--- The data ---
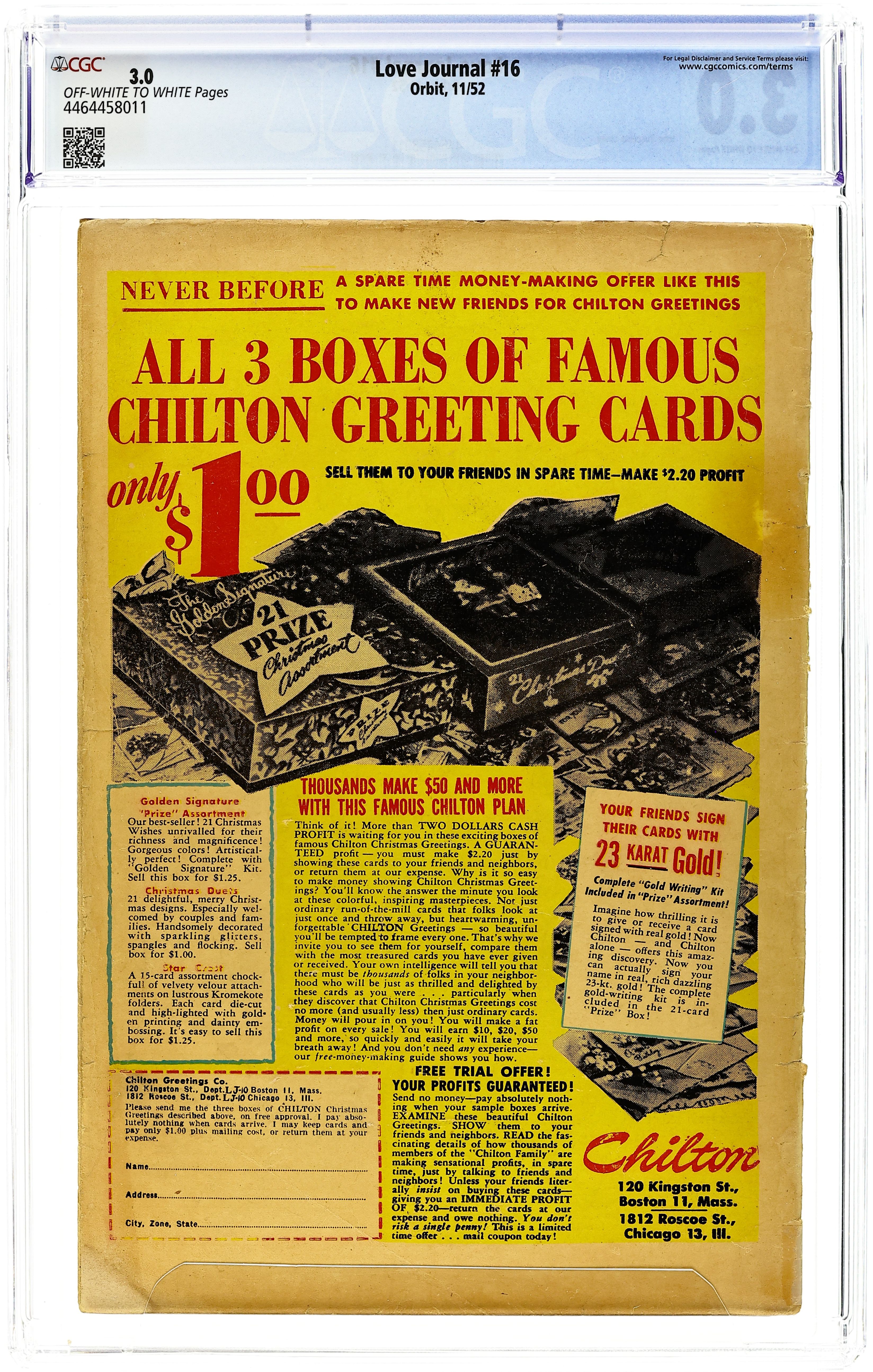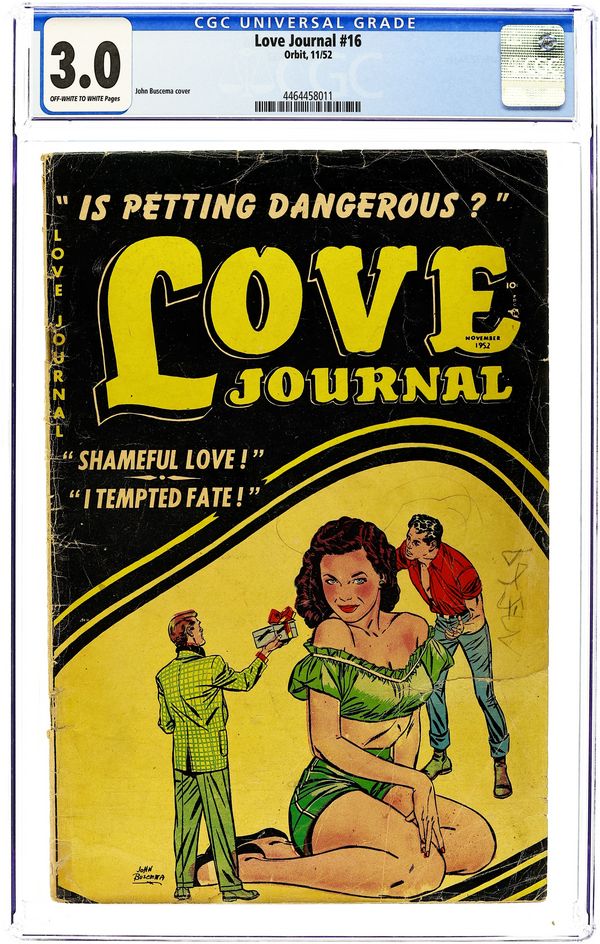 Cover by John Buscema. Stories and art by John Buscema, Mort Leav, Syd Shores and Bill Woolfolk. Offbeat romance comic, from pioneering female publisher Rae Herman of Orbit-Wanted, often featured early work by future comics legends. Betty seeks advice from Love Journal when she fears her marriage-minded mother will scare off her new boyfriend, in an early story (and cute good-girl cover) by future Marvel and Conan legend John Buscema. Elaine is torn between Vince, her childhood pal and would-be fiance, and wealthy playboy Roy. Gloria is ready to start dating her handsome neighbor Doug, until she meets Doug's fiancee Rosa. Plus an advice column on the dangers of "petting," showcasing the values of the time. Shameful Love; Ten O'Clock Town; SOS for Love!; I Tempted Fate. 36 pages, Full Color. Cover price $0.10.
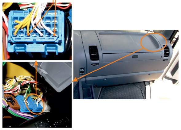 Справа у пассажира, над правым дефлектором, голубой разъем 21PIN (3x7), желтый 9 - H, белый 21 - L
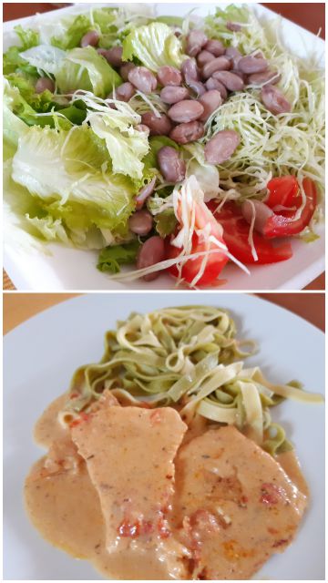 Včeraj zrezki v omaki, rezanci, mešana solata
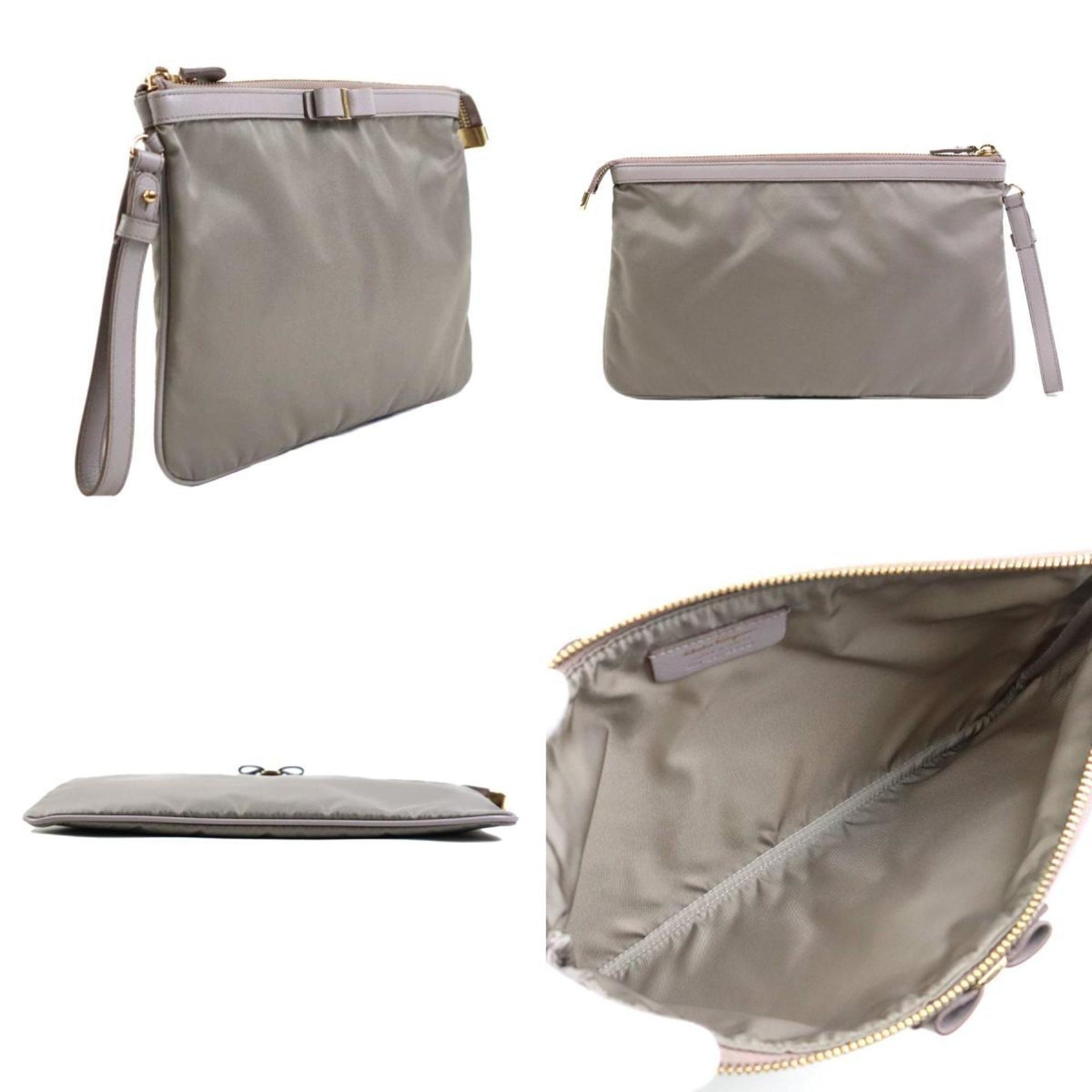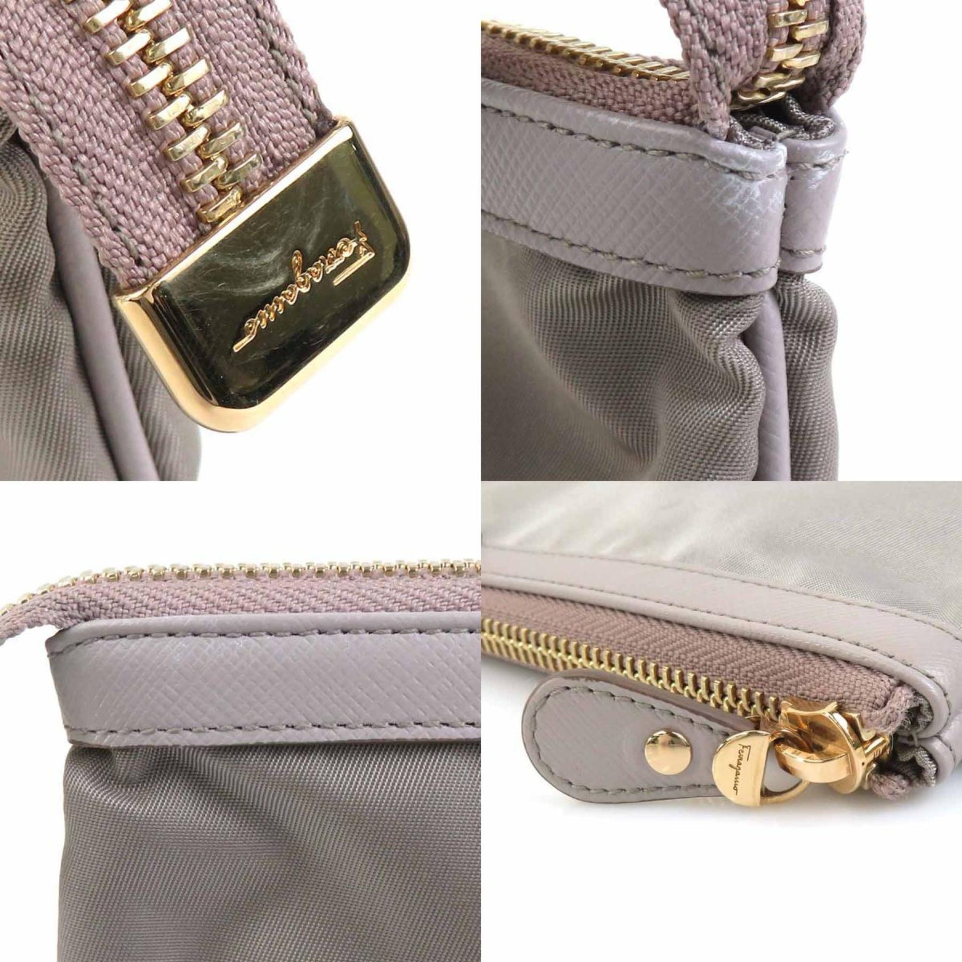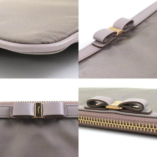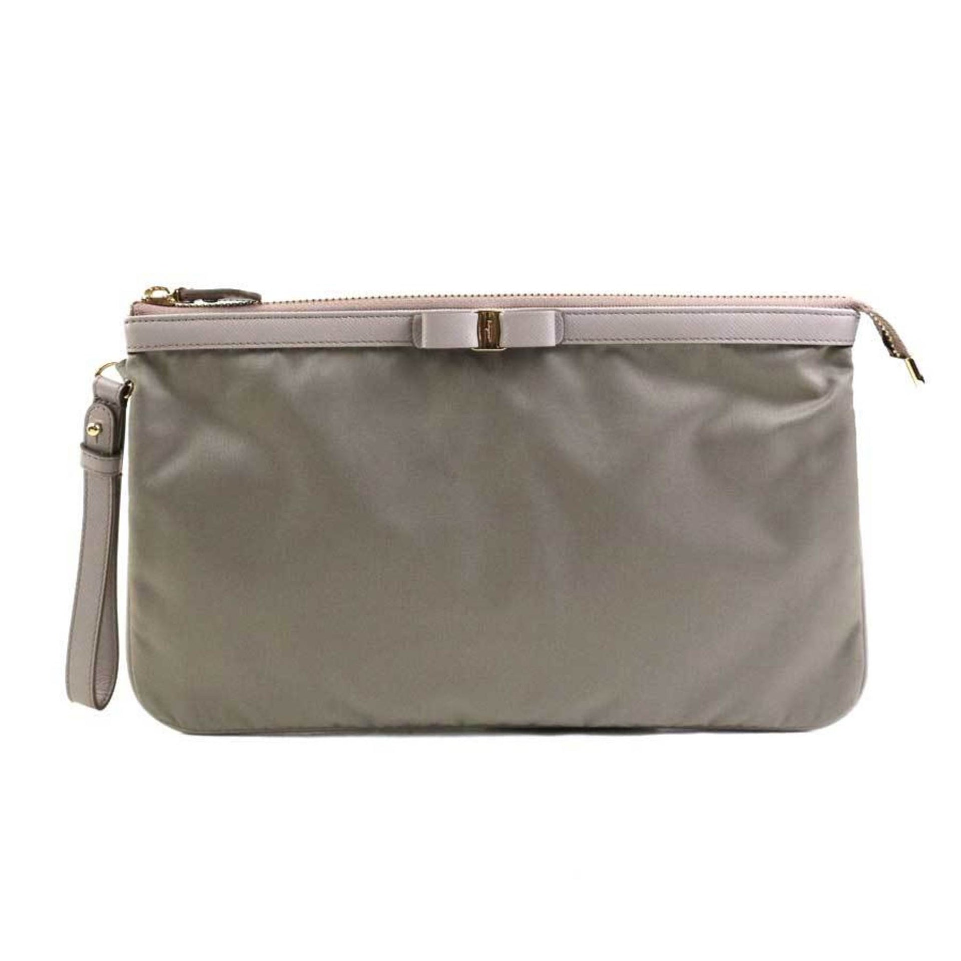 Salvatore Ferragamo Vara Ribbon Clutch Bag in Nylon and Leather, Gray, Women\'s, r10859a
---
• Work to be completed: What you give back must match the material word for word, with no images included.

• Answer box:
 Cover by John Buscema. Stories and art by John Buscema, Mort Leav, Syd Shores and Bill Woolfolk. Offbeat romance comic, from pioneering female publisher Rae Herman of Orbit-Wanted, often featured early work by future comics legends. Betty seeks advice from Love Journal when she fears her marriage-minded mother will scare off her new boyfriend, in an early story (and cute good-girl cover) by future Marvel and Conan legend John Buscema. Elaine is torn between Vince, her childhood pal and would-be fiance, and wealthy playboy Roy. Gloria is ready to start dating her handsome neighbor Doug, until she meets Doug's fiancee Rosa. Plus an advice column on the dangers of "petting," showcasing the values of the time. Shameful Love; Ten O'Clock Town; SOS for Love!; I Tempted Fate. 36 pages, Full Color. Cover price $0.10.
 Справа у пассажира, над правым дефлектором, голубой разъем 21PIN (3x7), желтый 9 - H, белый 21 - L
 Včeraj zrezki v omaki, rezanci, mešana solata
 Salvatore Ferragamo Vara Ribbon Clutch Bag in Nylon and Leather, Gray, Women\'s, r10859a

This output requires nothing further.